### Exercise details
The whole listing is to be returned exactly.

### Record extracts
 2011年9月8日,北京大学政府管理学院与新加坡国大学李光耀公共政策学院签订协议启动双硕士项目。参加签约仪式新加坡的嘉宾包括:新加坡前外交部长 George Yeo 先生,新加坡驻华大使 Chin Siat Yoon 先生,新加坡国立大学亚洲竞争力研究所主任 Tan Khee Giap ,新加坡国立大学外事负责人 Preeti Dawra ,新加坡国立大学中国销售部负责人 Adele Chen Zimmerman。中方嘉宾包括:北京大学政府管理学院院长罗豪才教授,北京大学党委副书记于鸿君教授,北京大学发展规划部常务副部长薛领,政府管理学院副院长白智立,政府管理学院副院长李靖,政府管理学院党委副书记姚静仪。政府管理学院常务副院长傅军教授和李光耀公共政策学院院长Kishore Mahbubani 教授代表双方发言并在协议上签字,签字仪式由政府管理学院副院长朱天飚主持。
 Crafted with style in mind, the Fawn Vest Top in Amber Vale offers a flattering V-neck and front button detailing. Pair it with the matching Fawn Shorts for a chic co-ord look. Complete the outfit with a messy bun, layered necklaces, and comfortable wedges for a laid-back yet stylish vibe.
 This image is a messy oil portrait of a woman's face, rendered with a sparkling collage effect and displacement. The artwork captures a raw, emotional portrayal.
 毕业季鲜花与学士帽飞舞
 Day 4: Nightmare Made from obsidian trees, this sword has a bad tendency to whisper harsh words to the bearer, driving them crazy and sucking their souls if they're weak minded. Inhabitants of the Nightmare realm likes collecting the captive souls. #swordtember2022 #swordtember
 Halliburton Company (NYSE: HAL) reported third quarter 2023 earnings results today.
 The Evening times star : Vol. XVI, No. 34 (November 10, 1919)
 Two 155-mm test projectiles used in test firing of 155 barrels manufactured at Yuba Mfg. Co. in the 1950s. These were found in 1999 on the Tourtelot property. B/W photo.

### Your solution
 2011年9月8日,北京大学政府管理学院与新加坡国大学李光耀公共政策学院签订协议启动双硕士项目。参加签约仪式新加坡的嘉宾包括:新加坡前外交部长 George Yeo 先生,新加坡驻华大使 Chin Siat Yoon 先生,新加坡国立大学亚洲竞争力研究所主任 Tan Khee Giap ,新加坡国立大学外事负责人 Preeti Dawra ,新加坡国立大学中国销售部负责人 Adele Chen Zimmerman。中方嘉宾包括:北京大学政府管理学院院长罗豪才教授,北京大学党委副书记于鸿君教授,北京大学发展规划部常务副部长薛领,政府管理学院副院长白智立,政府管理学院副院长李靖,政府管理学院党委副书记姚静仪。政府管理学院常务副院长傅军教授和李光耀公共政策学院院长Kishore Mahbubani 教授代表双方发言并在协议上签字,签字仪式由政府管理学院副院长朱天飚主持。
 Crafted with style in mind, the Fawn Vest Top in Amber Vale offers a flattering V-neck and front button detailing. Pair it with the matching Fawn Shorts for a chic co-ord look. Complete the outfit with a messy bun, layered necklaces, and comfortable wedges for a laid-back yet stylish vibe.
 This image is a messy oil portrait of a woman's face, rendered with a sparkling collage effect and displacement. The artwork captures a raw, emotional portrayal.
 毕业季鲜花与学士帽飞舞
 Day 4: Nightmare Made from obsidian trees, this sword has a bad tendency to whisper harsh words to the bearer, driving them crazy and sucking their souls if they're weak minded. Inhabitants of the Nightmare realm likes collecting the captive souls. #swordtember2022 #swordtember
 Halliburton Company (NYSE: HAL) reported third quarter 2023 earnings results today.
 The Evening times star : Vol. XVI, No. 34 (November 10, 1919)
 Two 155-mm test projectiles used in test firing of 155 barrels manufactured at Yuba Mfg. Co. in the 1950s. These were found in 1999 on the Tourtelot property. B/W photo.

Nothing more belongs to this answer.